The Henry presents an exhibition of black walnut sculptures by American artist Paul McCarthy (born 1945). Ranging in height from three to fourteen feet, the works that occupy the museum's lower level gallery are the product of the artist's interest in the nineteenth-century German folktale Schneewittchen (Snow White) and Walt Disney's beloved 1937 animated classic film.
For these works, the artist turned to computer mapping to digitally scale, shape, and manipulate the final wood sculptures. The resulting pieces are recomposed, and sometimes grotesque, variations of familiar characters from the classic tale, such as the Prince, Dopey, and Snow White herself. The centerpiece of the exhibition, White Snow, Bookends (2013), is a two-part monumental sculpture weighing a total of 36,000 pounds. The giant "tchotchkes" are entangled and dislocated representations of the Prince and White Snow on horseback that recall the elaborate compositions of Baroque sculpture, but that instead court truncated narratives and abstraction.
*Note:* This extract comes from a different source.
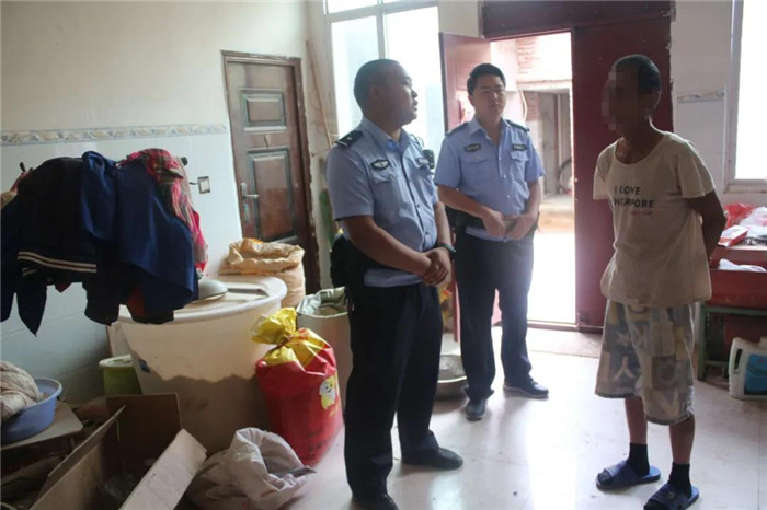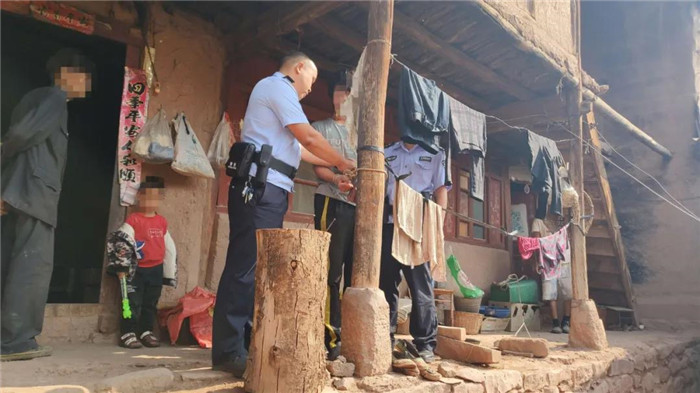 时隔一小时后,东坡派出所接到杨某某父亲的电话,称已经找到杨某某并将其控制。民警火速赶到杨某某家后,看见嫌疑人被自己父亲用绳子绑在家中的柱子上。民警询问后得知,杨某某父亲此举是害怕儿子在民警到达现场前逃跑。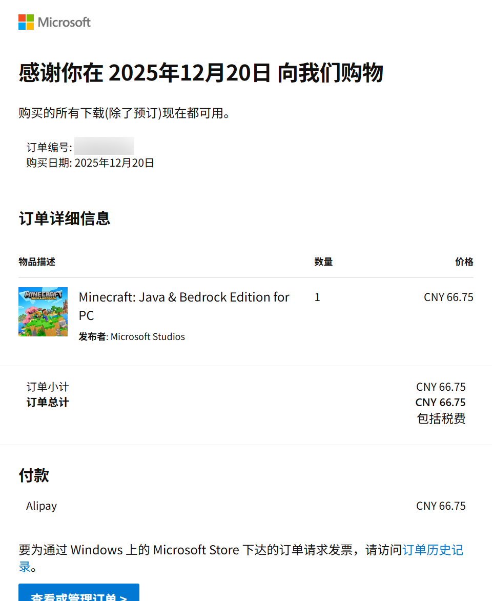 趁着MC正版打折买了个新MC号,但是用的是旧微软账户

In his protean and unbound work McCarthy has sought to violently question conventions. Poking fun at and providing a biting critique of society's most beloved symbols and deeply held beliefs, McCarthy is intent and insistent on stretching and subverting the widely accepted notions of moral, social and artistic order.
This is the first comprehensive presentation of this series in an American museum.